3

How can I select top n features of time series using tsfresh? Can I decide the number of top features I want to extract?

Chaitra
  • 23
  • 1
  • 7
  • Did you already solve it? If not, what did you try so far? – flyingdutchman Dec 21 '20 at 19:30
  • 1
    @flyingdutchman my approach to this was to calculate the relevance table using the tsfresh.feature_selection.relevance module. It gave a list of relevant features that are calculated using the Benjamini Hochberg procedure which is a multiple testing procedure that decides which features to keep and which to cut off (solely based on the p-values). I took the features are the top as the most relevant features. You can refer to the following link: https://tsfresh.readthedocs.io/en/latest/api/tsfresh.feature_selection.html# – Chaitra Dec 23 '20 at 09:49
  • Ah, good to know, this is the same what I did for my problem. I will just put this as an answer, so that this question is answered. – flyingdutchman Dec 23 '20 at 11:01

1 Answers1

3

Based on the above comment from @Chaitra and this answer I give an answer.

You can decide the number of top features by using the tsfresh relevance table described in the documentation. You can then sort the table by the p-value and the the top n features.

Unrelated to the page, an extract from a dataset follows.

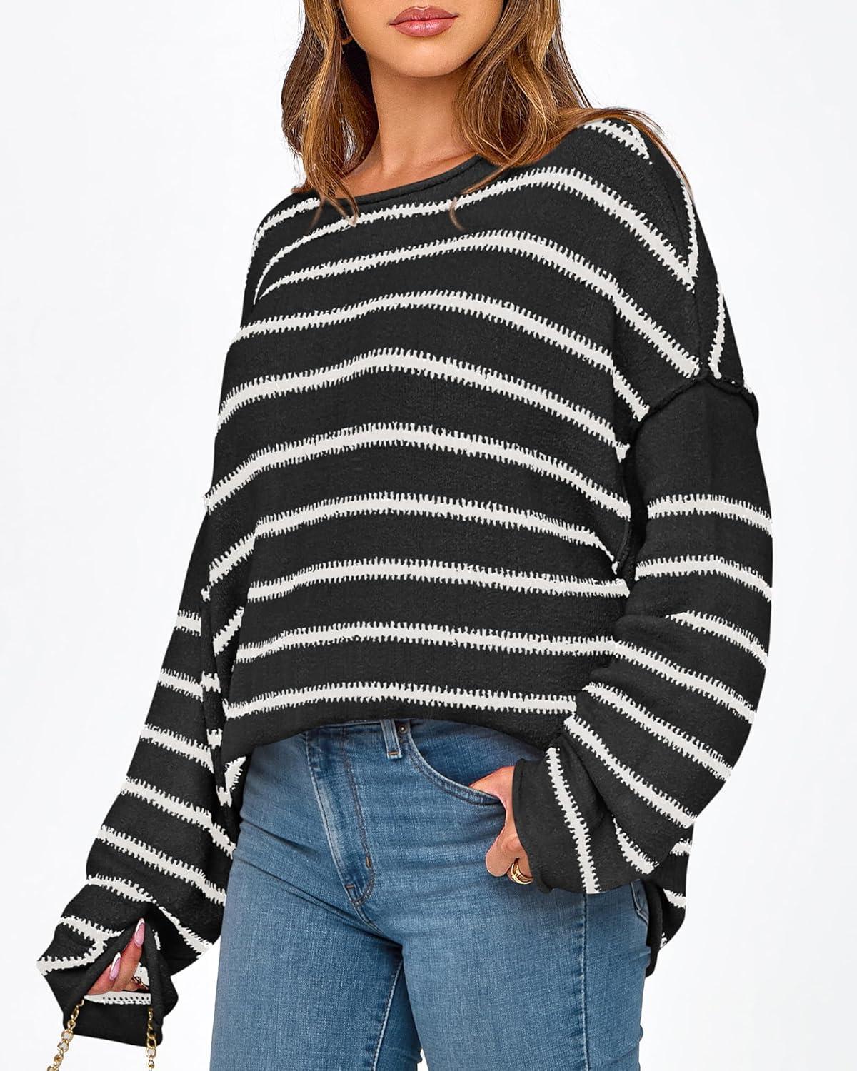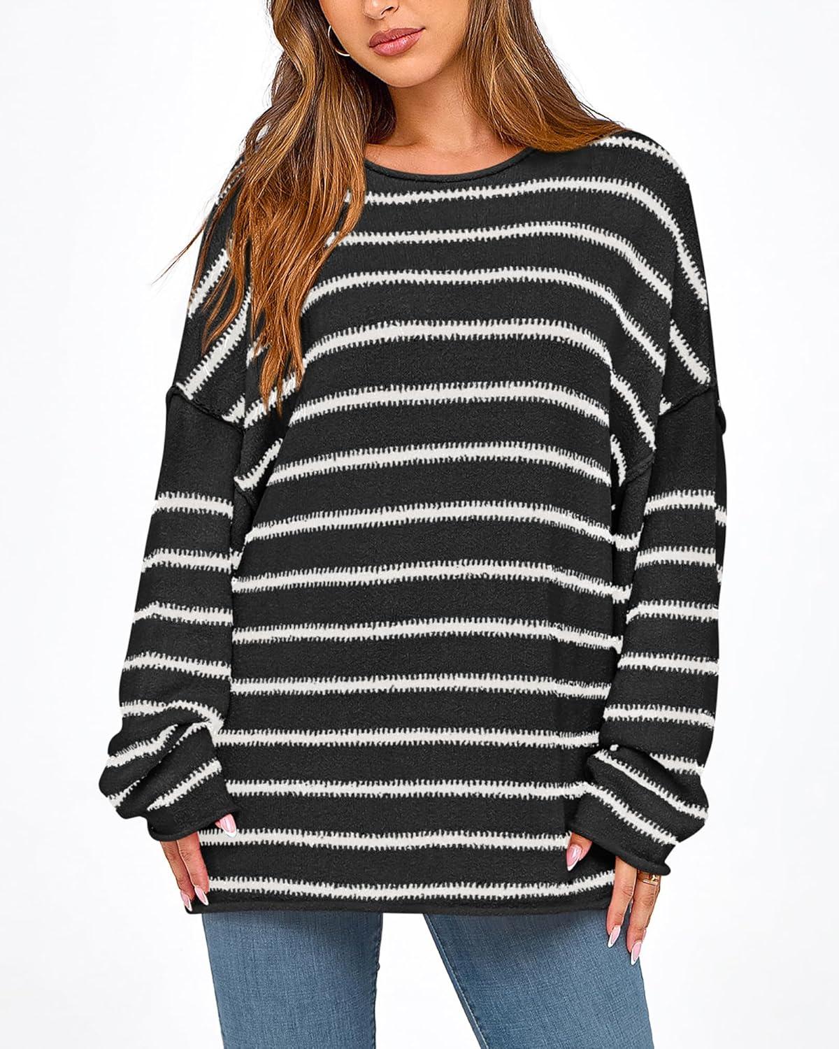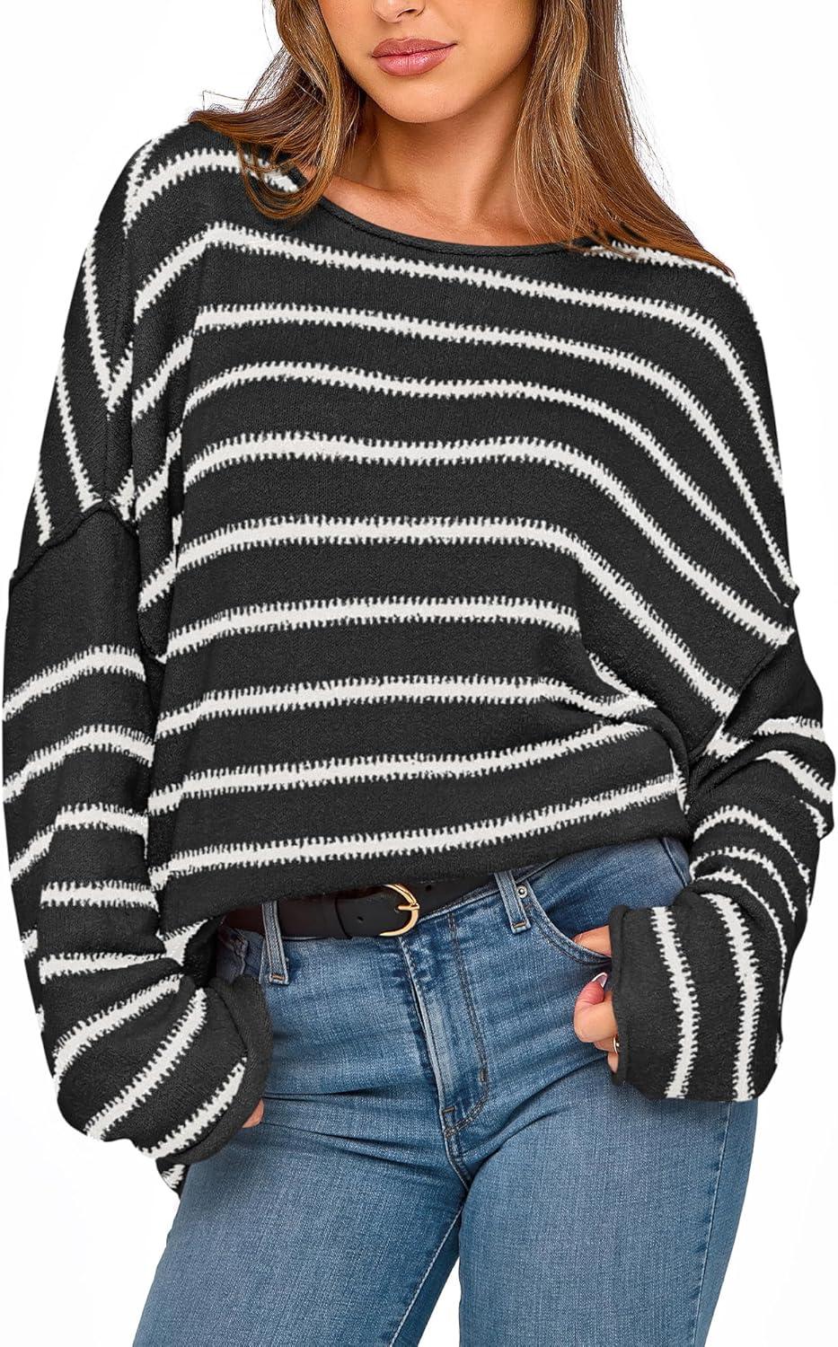 Get more for your money with our exclusive bundle deals on BTFBM Women’s Striped Knit Sweaters 2025 Spring Fall Boat Neck Off Shoulder Long Sleeve Oversized Casual Pullover Tops(Striped Black White) and accessories.
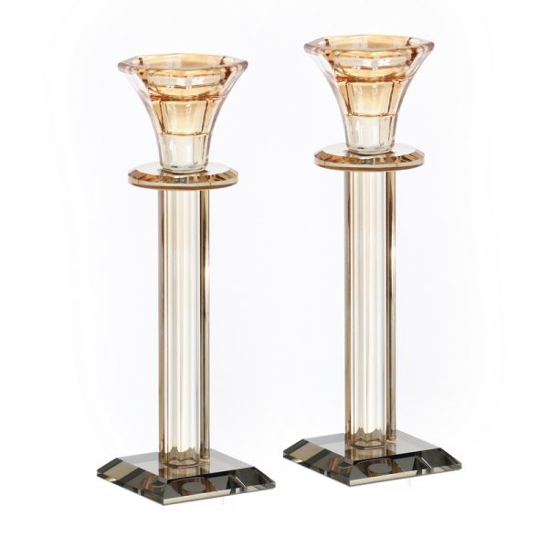 זוג פמוט קריסטל ענבר/אפור 19.5 ס"מ

Example code printing top 11 features:

from tsfresh import extract_features
from tsfresh.feature_selection.relevance import calculate_relevance_table

extracted_features = extract_features(
    X,
    column_id="id",
    column_kind="kind",
    column_value="value",
)
relevance_table = calculate_relevance_table(extracted_features, y)
relevance_table = relevance_table[relevance_table.relevant]
relevance_table.sort_values("p_value", inplace=True)
print(relevance_table["feature"][:11])
Catalin
  • 3
  • 2
flyingdutchman
  • 1,197
  • 11
  • 17